Surprisingly, it was not until the 1800s when it was finally realized that this task was impossible—because there are alternate geometries that satisfy Euclid's first four postulates but in which the parallel postulate does not hold. For example, this happens in a projective plane, which is a collection of points and lines satisfying the following two axioms:

There is exactly one line through any two points.
Any two lines intersect at a unique point.

These axioms are visually demonstrated in Figure 1. The first axiom holds in the usual Euclidean plane and is visualized in Figure 1a. The second axiom does not hold in the usual Euclidean plane—if two lines are skew (shown in Figure 1b) they will intersect in a unique point, but if the lines are parallel, they will not meet at all, let alone in a unique point. To remedy this situation, the usual Euclidean plane may be augmented with a "line at infinity" on which any two formerly parallel lines will intersect (shown in Figure 1c). The resulting structure satisfies both axioms (1) and (2).

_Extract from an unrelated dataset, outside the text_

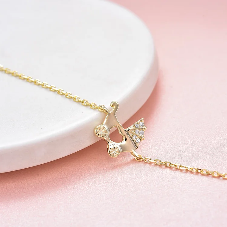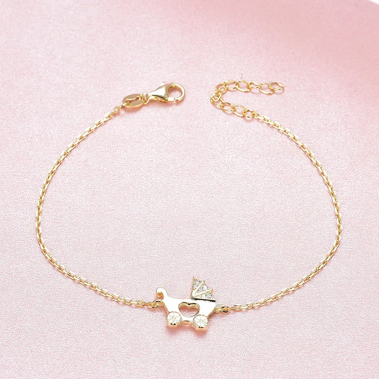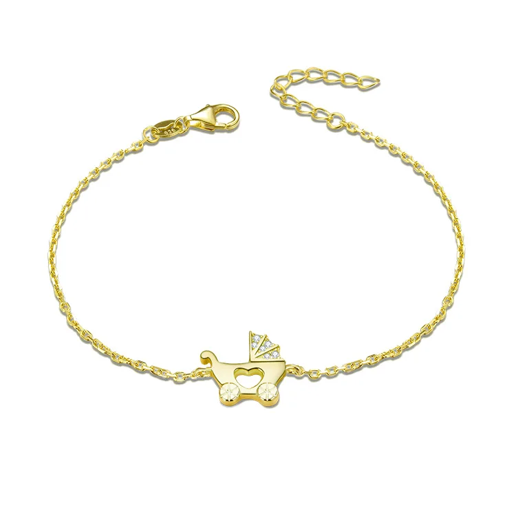 Adjustable 925 Silver Chain Bracelet Gold Plated Fashionable Sterling Silver Baby Carriage Bangles Zircon Stylish Women's Gift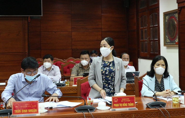 | Giám đốc Sở Tư pháp Phan Thị Hồng Thắng tham gia ý kiến |

Figure 1. Visual demonstrations of the axioms of a projective plane.

An interesting question can now be raised: Are there any other structures that also satisfy these axioms? For example, are there examples of projective planes with a finite number of points? There are some trivial ways of satisfying the axioms—for example, if the plane consists of a single line containing every point. Disqualifying these trivial examples, counting arguments can be used to show that if a finite projective plane exists then it contains the same number of lines and points, and every point lies on the same number of lines. If each point lies on n + 1 lines, then the plane is said to be of order n and it will contain exactly n² + n + 1 points. Determining the set of possible orders for projective planes has been of significant mathematical interest for over 200 years and today it remains a major open problem.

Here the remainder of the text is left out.